● **PROBLEM DETAILS**: What you return must be the exact lines of the material below, from the first through the one that has "In ‘Fascia 2’, con", with no pictures and, please, nothing else.

● **INFORMATION SUPPLIED**:
━━━━

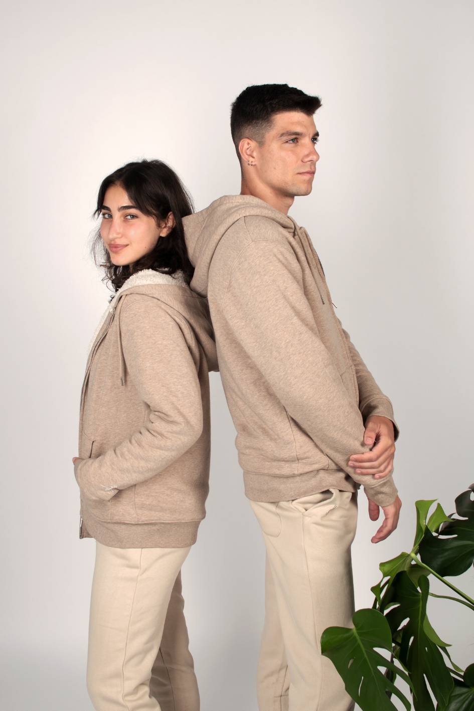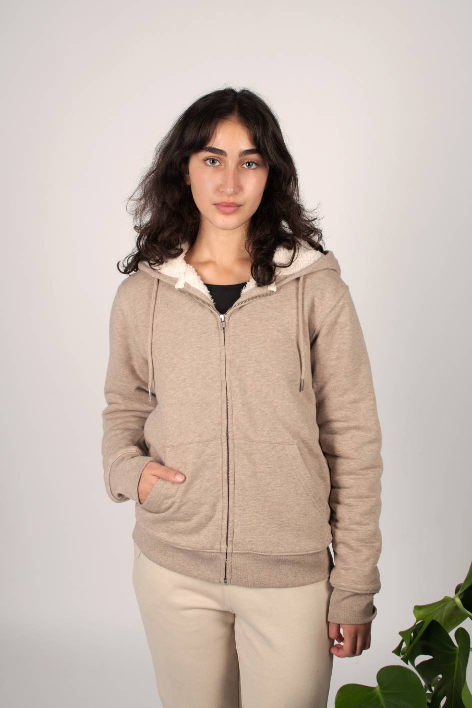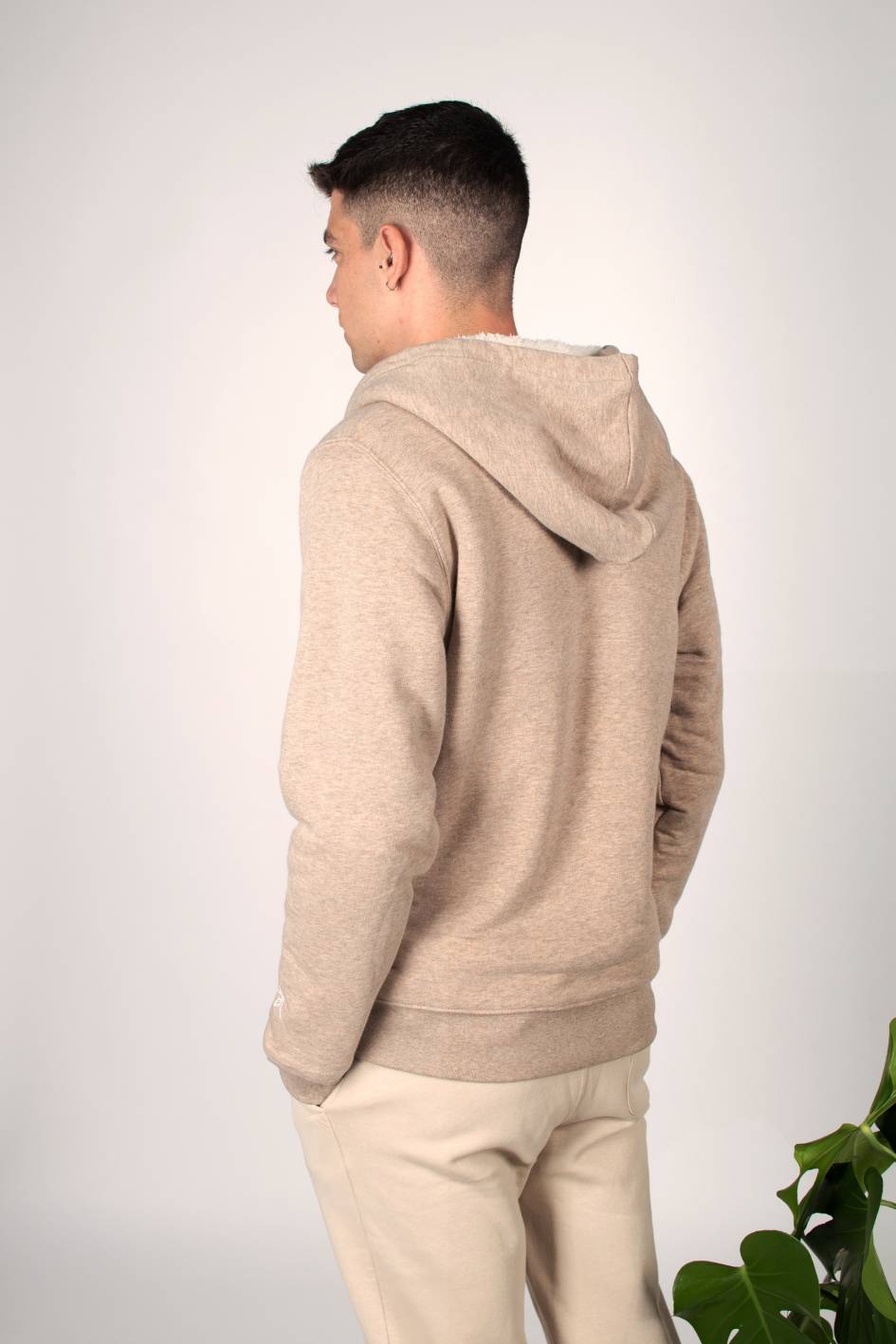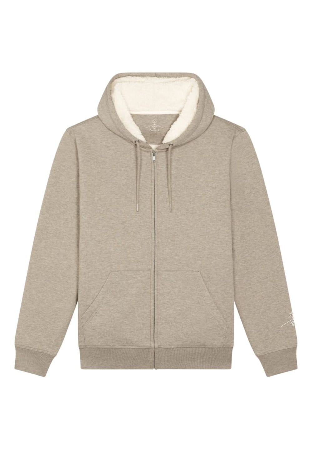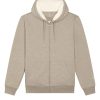 Chaqueta unisex con capucha, corte regular y forro interior de borreguillo 100% reciclado. El tejido exterior jaspeado combina 85% algodón orgánico con 15% poliéster reciclado, logrando una prenda cálida, cómoda y resistente al uso diario en invierno.
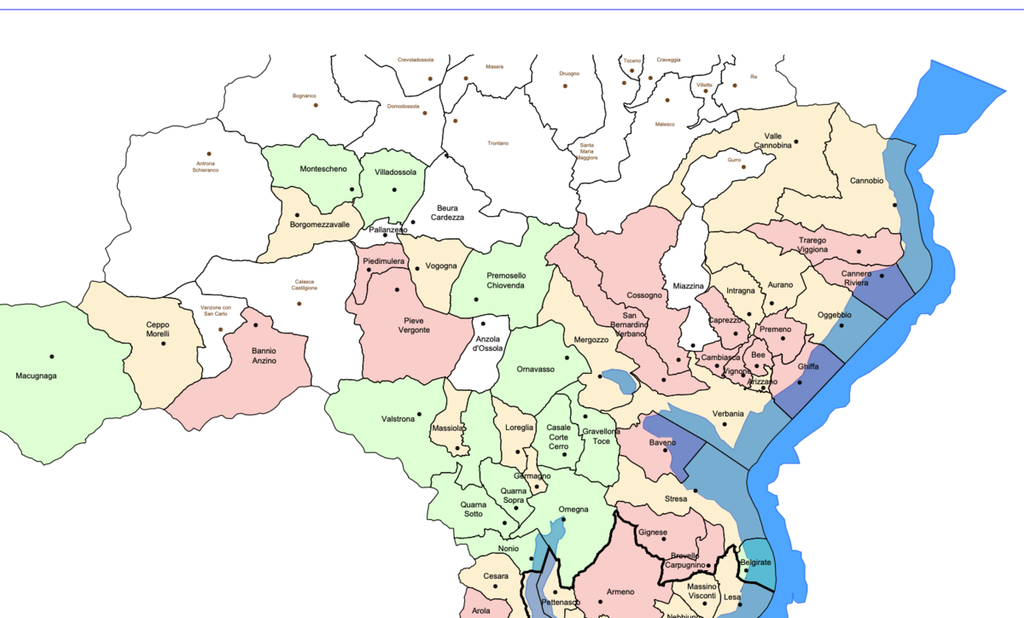 In ‘Fascia 2’, con il pericolo di finire presto in fascia 1, troviamo Belgirate, Casale Corte Cerro, Gravellona Toce, Macugnaga, Montescheno, Nonio, Omegna, Ornavasso, Premosello Chiovenda, Quarna Sopra, Quarna Sotto, Valstrona e Villadossola.
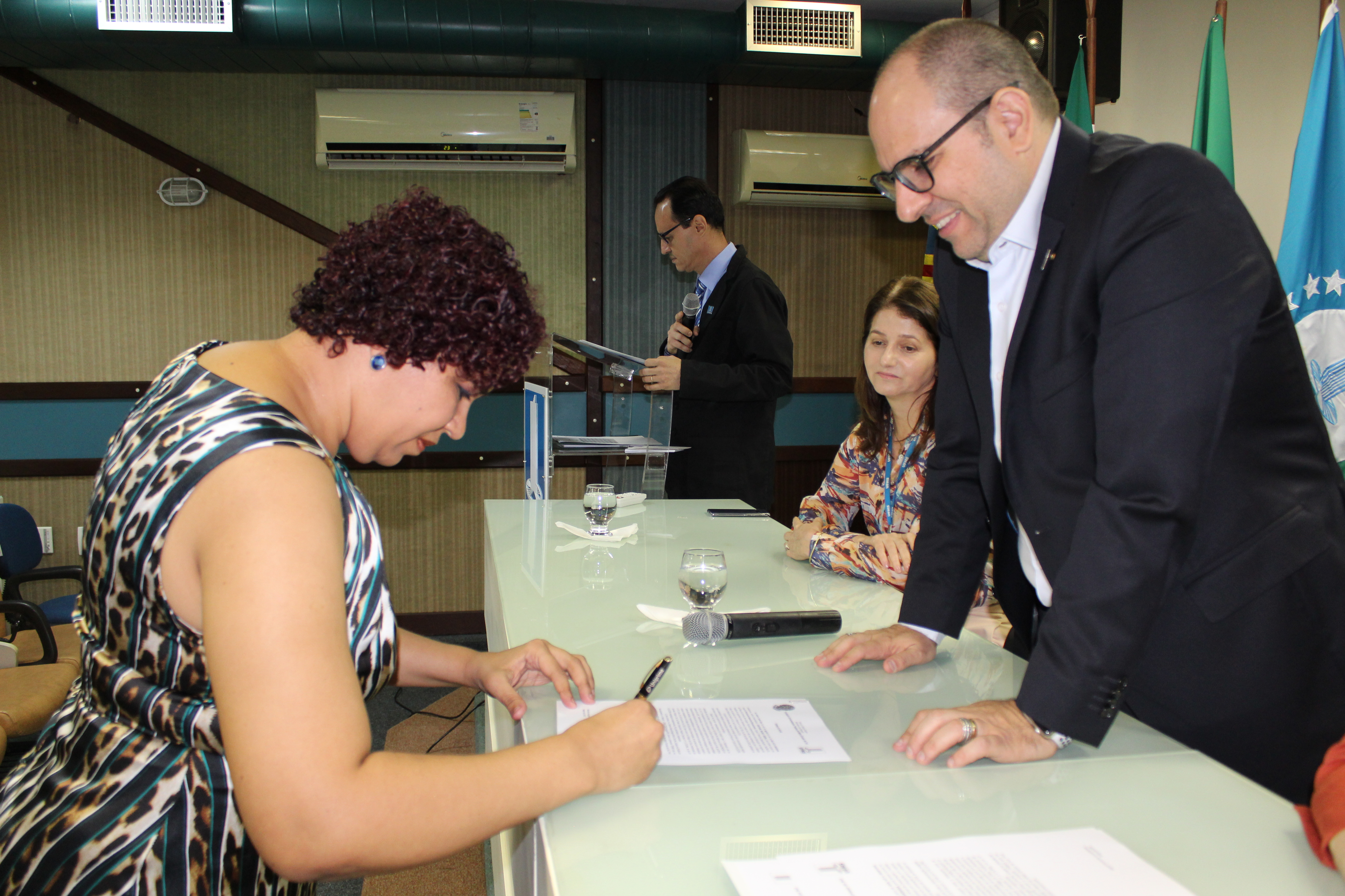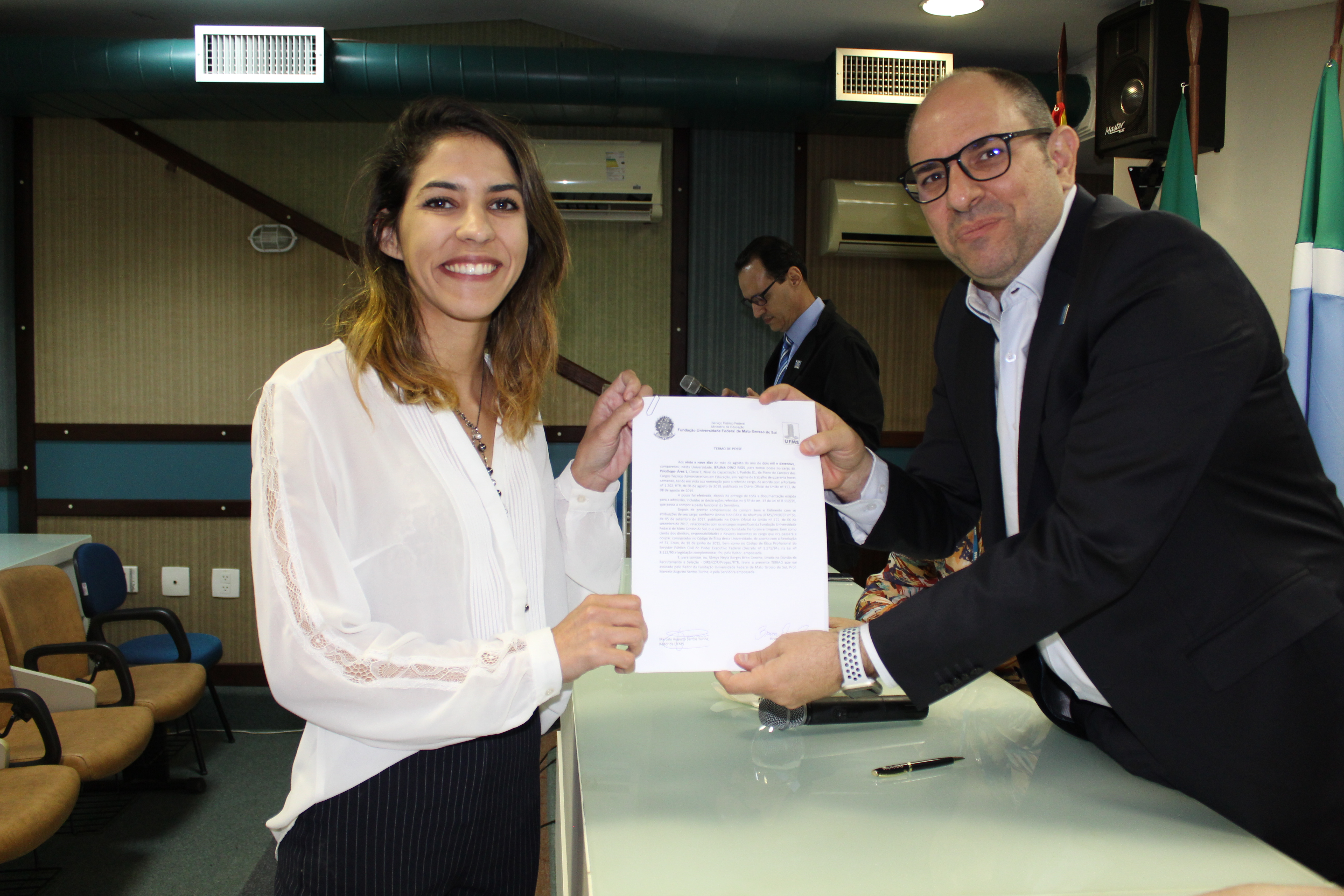 Fernando é formado em Matemática e Ciências Contábeis e vai atuar como técnico em assuntos educacionais junto à Proaes. Ele é natural do Paraná e já era servidor há dois anos e meio na Universidade Federal da Grande Dourados. “Optei em vir para a UFMS, para Campo Grande, em busca de crescimento na carreira”, disse. E por falar em crescimento na carreira, Cristiane já era servidora na UFMS há alguns anos e agora assume novos desafios. Com formação em Química, ela vai atuar como técnica em assuntos estudantis na Faculdade de Engenharias, Arquitetura e Urbanismo e Geografia (Faeng). “Comecei como técnica de laboratório no campus de Chapadão do Sul, depois me tornei assistente em administração na Faeng e, agora, finalmente, como técnica de nível superior. Vou continuar na Faculdade, mas agora com novos desafios”, falou.

━━━━

● **EXPECTED ANSWER**:
 Chaqueta unisex con capucha, corte regular y forro interior de borreguillo 100% reciclado. El tejido exterior jaspeado combina 85% algodón orgánico con 15% poliéster reciclado, logrando una prenda cálida, cómoda y resistente al uso diario en invierno.
 In ‘Fascia 2’, con il pericolo di finire presto in fascia 1, troviamo Belgirate, Casale Corte Cerro, Gravellona Toce, Macugnaga, Montescheno, Nonio, Omegna, Ornavasso, Premosello Chiovenda, Quarna Sopra, Quarna Sotto, Valstrona e Villadossola.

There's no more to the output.